PECASE: Perceptual Issues in Data Visualization: Conveying 3D Shape and Depth through Texture

PECASE：数据可视化中的感知问题：通过纹理传达 3D 形状和深度

• 批准号: 9875368
• 负责人: Victoria Interrante
• 金额: $ 47.2万
• 依托单位: University of Minnesota-Twin Cities
• 依托单位国家: 美国
• 项目类别: Continuing Grant
• 财政年份: 1999
• 资助国家: 美国
• 起止时间: 1999-07-01 至 2005-06-30
• 项目状态: 已结题
• 来源: https://www.nsf.gov/awardsearch/showAward?AWD_ID=9875368&HistoricalAwards=false
• 关键词: PECASE; Perceptual; Issues; Data; Visualization

Visualization - the visual representation of information through images -is vital in a broad range of scientific and medical applications. A goodvisualization conveys the essential information in a complex datasetclearly and effectively, emphasizing important features and minimizingextraneous detail. The usefulness of a particular visualization techniquecan be quantified in terms of the extent to which it improves taskperformance for a given application. This makes it possible to comparedifferent methods or to pick optimal parameter values for a given method.The process of designing an effective visualization, however, remains forthe most part a black art, terribly ad hoc, largely guided by intuition.The PI's research is a quest for a deeper understanding of the sciencebehind this art, guided by theoretical and experimental insights from humanvisual perception.
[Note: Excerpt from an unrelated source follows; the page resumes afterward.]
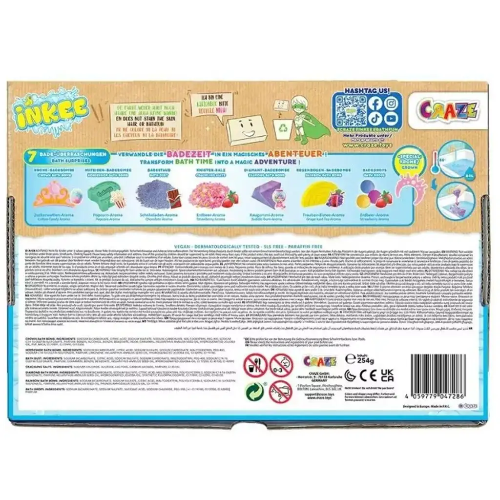 V balení najdete 7 různých koupelových překvapení, včetně koupelové bomby s vůní cukrovinek, praskající koupelové soli s jahodovou příchutí, ovocných koupelových perel, duhové koupelové placky a mnoho dalšího! Každý kousek se svým jedinečným tvarem, barvou a vůní promění večerní koupání v opravdový zážitek. Zvláštností sady je také zlatá korunka, díky které se děti mohou cítit jako skutečné koupelové princezny nebo princové!

This can be used to enhance all computer interfacesthat use elements studied here.Specifically, the focus of the research is to investigateperceptually-based methods for more effectively conveying thethree-dimensional shape and relative depth of smoothly curving surfaces inscientific datasets. Key applications for this work include thevisualization of superimposed isovalue surfaces in 3D scalar fields, andthe combined visualization of external and internal structures in medicineand CAD. The investigator will begin by using controlled observerexperiments to thoroughly evaluate texture as a device for enhancing theperception of shape. This will identify and quantify the key aspects oftexture in interface design. The investigator will also pursue theautomatic generation of non-photorealistic, pen-and-ink stylerepresentations of arbitrary polygonally-defined objects for interactive applications. The advantage of such techniques is that some datasets need to be represented in a moresubtly indicative style than traditional graphics renderings. Complementingthe research component of this project is an educational component,directed at both undergraduate and graduate students, aimed at inspiringinterest and fostering creativity through hands-on experiences invisualization.

可视化——通过图像对信息进行视觉表示——在广泛的科学和医学应用中至关重要。良好的可视化可以清晰有效地传达复杂数据集中的基本信息，强调重要特征并最大限度地减少无关细节。特定可视化技术的有用性可以根据其提高给定应用程序的任务性能的程度来量化。 这使得比较不同的方法或为给定方法选择最佳参数值成为可能。然而，设计有效可视化的过程在很大程度上仍然是一种黑魔法，非常临时，很大程度上由直觉引导。PI 的研究是以人类视觉感知的理论和实验见解为指导，寻求对这门艺术背后的科学有更深入的了解。 这可用于增强使用此处研究的元素的所有计算机界面。具体来说，研究的重点是研究基于感知的方法，以更有效地传达科学数据集中平滑弯曲表面的三维形状和相对深度。这项工作的主要应用包括 3D 标量场中叠加等值曲面的可视化，以及医学和 CAD 中外部和内部结构的组合可视化。研究人员将首先使用受控观察者实验来彻底评估纹理作为增强形状感知的工具。这将识别和量化界面设计中纹理的关键方面。研究人员还将致力于自动生成用于交互式应用程序的任意多边形定义对象的非真实感笔墨风格表示。这种技术的优点是，一些数据集需要以比传统图形渲染更微妙的指示性风格来表示。作为该项目研究部分的补充，教育部分针对本科生和研究生，旨在通过可视化的实践经验激发兴趣并培养创造力。